Nicaragua
Nicaragua and Sisyphus
Sofía Montenegro
(Excerpted from the October 29 commentary on the hurricane by Sofia Montenegro in Barricada)
Damned country! Driven into the ground again! How many times must we retrace our steps? How many times will we have to rebuild? The hurricane left a vision of mud and desolation that inspires a strange mixture of pain and rage, of powerlessness and futility. Must we live with this geography as an eternal punishment? This new disaster, devastating but above all entirely unjust for a country already nearly destroyed by war gives one a sense that the endless efforts to put Nicaragua back on its feet are futile and hopeless.
Against the backdrop of the aggression, the hurricane seems to be less a cruel fluke of nature than a joke, a conspiracy on the part of who knows which gods against our mortal and absurd efforts. The myth of Sisyphus is incarnate in Nicaragua. This peculiar combination of geography, history, space and time makes up the stone out of which we seem to have been hewn.
To our disconcerting geography, we must add a dizzying and sometimes nauseating history given that Nicaragua, like the rest of Latin America, passed in a little more than 300 years from an indigenous society through the conquest, colonization and independence to the formation of a national state; and, in our particular case, through the intoxicating (though no less heart- rending) process of making a revolution.
This quick glance backward is nearly paralyzing and points to the fragility of human existence as well as explaining our seeming lack of progress, particularly if we take into account the many interventions of our yankee neighbor we have had to resist since the last century. It's a rare city in Nicaragua that hasn't had to be built several times. Managua, which is destroyed every time it's nearly rebuilt, is a story in itself.

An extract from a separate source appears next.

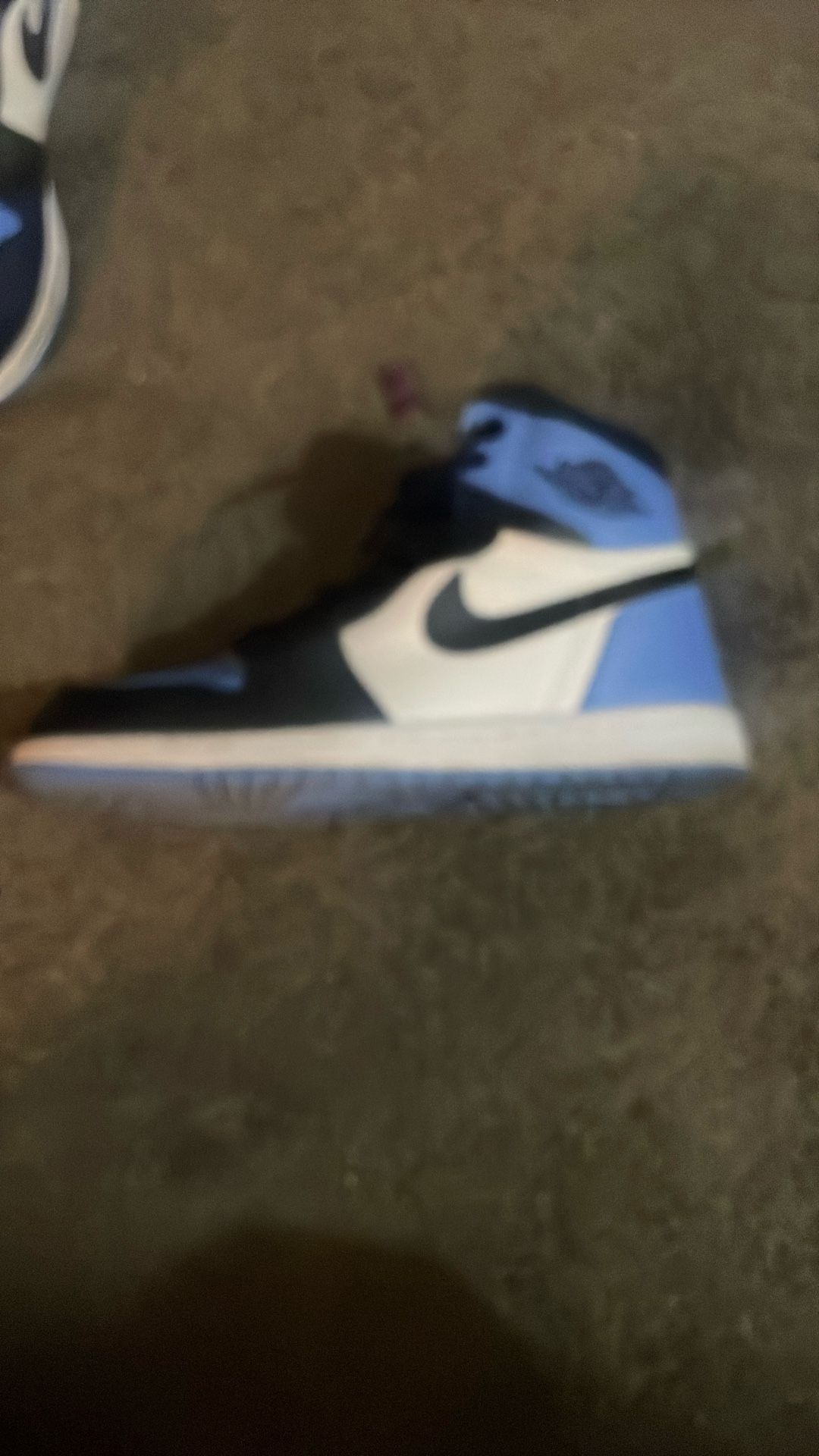 Size 9.5. These Jordan 1–style sneakers are in excellent condition, basically brand new and only worn once. Clean white, black, and UNC-blue colorway with no major creasing or flaws. Soles and uppers look great, and they’ll be fully cleaned before pickup. Price: $200 (willing to bargain).

And for the last eight years we've been caught in a macabre game—where the contras destroy what the revolution has created.... There are cooperatives in the countryside that have lost count of the number of times they have been destroyed and risen up once again. From where does this sisyphic will come to rebuild, over and over again, all that which has been destroyed by nature and by human ravages?
One could say that the force, anarchy, fury and supernatural quality of all the volcanic eruptions, all the earthquakes, all the hurricanes, all the wars—all the screams and pain of thousands of years—have shaped out of this inhabitable place a unique Nicaraguan identity. In the ongoing effort to survive, Nicaraguans have adapted a psychology expressing this essential effort. In this, Sisyphus' country, we can only keep going with a sense of the absurd. This reality, present in the very depths of our consciousness and memory, is transformed into a vital force that spurs us towards rebellion, towards freedom, towards creation.

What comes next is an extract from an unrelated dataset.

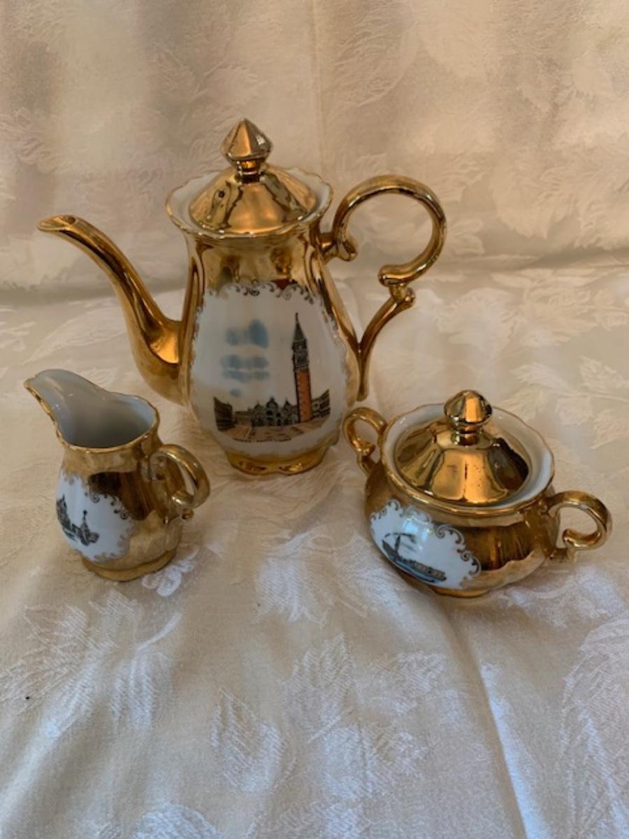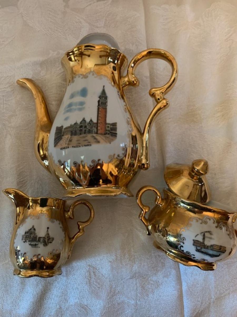 1960s Venetia, Italy Murano gold leaf porcelain coffee set, 3-piece

Perhaps that's where our tenacity comes from, this almost innate obstinacy to follow the same path as many times as necessary, to come into our own as people, as a nation, fully and authentically, without the chains of poverty, without foreign domination, and less vulnerable in the face of natural disasters.
In Nicaragua, we know that the most familiar paths are the easiest ones to take, because the path towards the creation of a nation, of our country, our identity, our independence, our freedom, is one we have set off on a thousand times. Our rock of Sisyphus is the country within, the one we have in our heads and in our hearts, the one we want to create.
Sisyphus has shown us the way from the eternity of his myth. Sisyphus isn't worried about his situation because he controls his rock, he knows it well. The gods can't budge him from his path, neither can they take the rock away from him, they can only send him back down again. The rock belongs to Sisyphus, he has taken control of it and every time he starts back up, he challenges the gods.
As Camus said so well, all of Sisyphus' silent joy springs from that. His destiny belongs to him. The rock belongs to him. That's why he imagines himself to be lucky. "The very effort of trying to make it to the summit is enough to fill one's heart." This gigantic rock that is Nicaragua is nothing without us. And without it, we are nothing as well.